There's one change that I think stands for the film adaptation as a whole. It's not an especially gratuitous bit. It's the scene where, as Dan and Laurie try to break him out of prison, Rorschach holds them up so that he can go and do nasty (unseen) things to Big Figure in the gents' toilets. It's implicitly clear in the book that he forces Big Figure bodily down the lav and flushes on him - this is backed up by an innocent remark from Laurie about not wanting to dive head first into things, and a knowing reply from Rorschach. It's a moment of sick humour. In the film, the joke is lost and it's blood, not water, that flows out under the toilet door as they walk away. Red, viscous blood in Shining-esque quantities. As I say, this pretty much sums up for me what Zack Snyder has done here - sacrificed subtlety for the sake of being more in-your-face.
(This paragraph left intentionally blank for you to add your own pertinent thoughts about Dr Manhattan's enormous luminous blue wanger. See, even that had to be bigger and more graphic, didn't it? Tsk.)

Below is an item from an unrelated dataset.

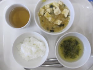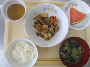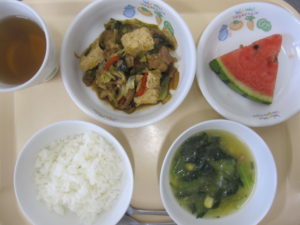 昼食:ご飯、豚肉と豆腐の味噌チャンプルー、コーンスープ、すいか、麦茶
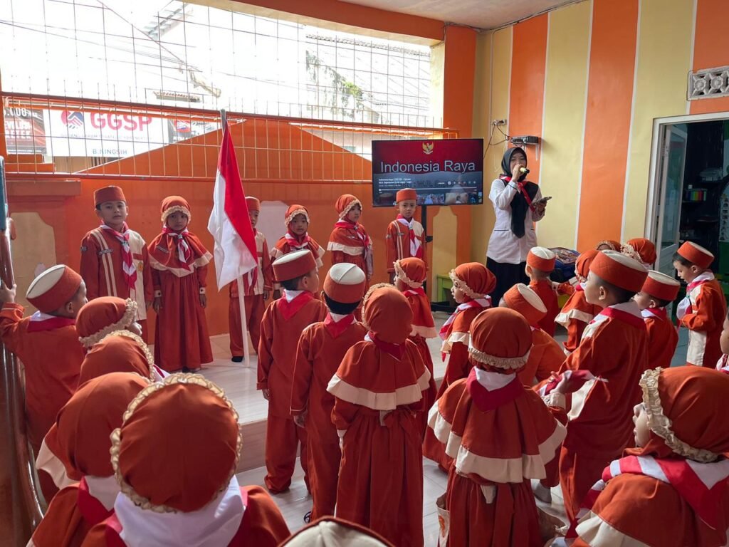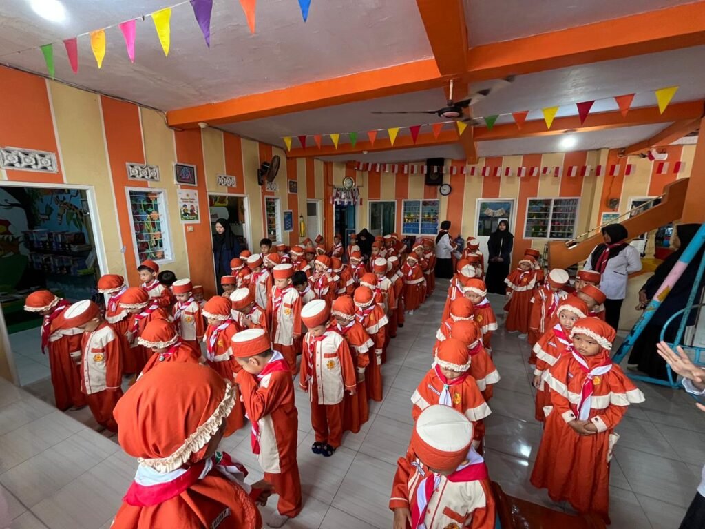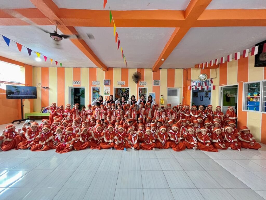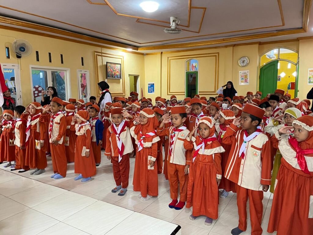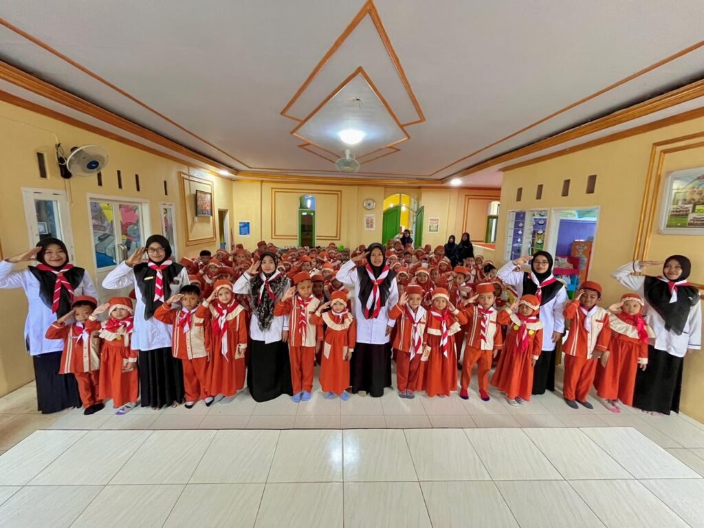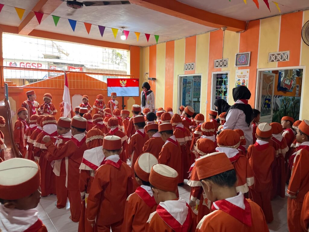 Sejak pagi, lingkungan RA Ulul Albab tampak semarak. Anak-anak datang dengan raut wajah ceria, mengenakan seragam khas hari Senin lengkap dengan hasduk merah putih di lehernya. Tak hanya peserta didik, para guru pun turut mengenakan seragam dan hasduk yang sama, mencerminkan kekompakan serta kebersamaan dalam memperingati hari bersejarah ini.

So yes, it's an excellent film, both in itself and as a version of Watchmen. It's remained complex and thought-provoking, if less nuanced than the book. But it's just rather horrible in places. The story itself is horrible, philosophically speaking - an "end justifies the means" fable with no happy ending and no easy answers, although that in itself may serve as a comment on Alan Moore's true feelings about the "end justifies the means" worldview. But the book is a lot easier to stomach.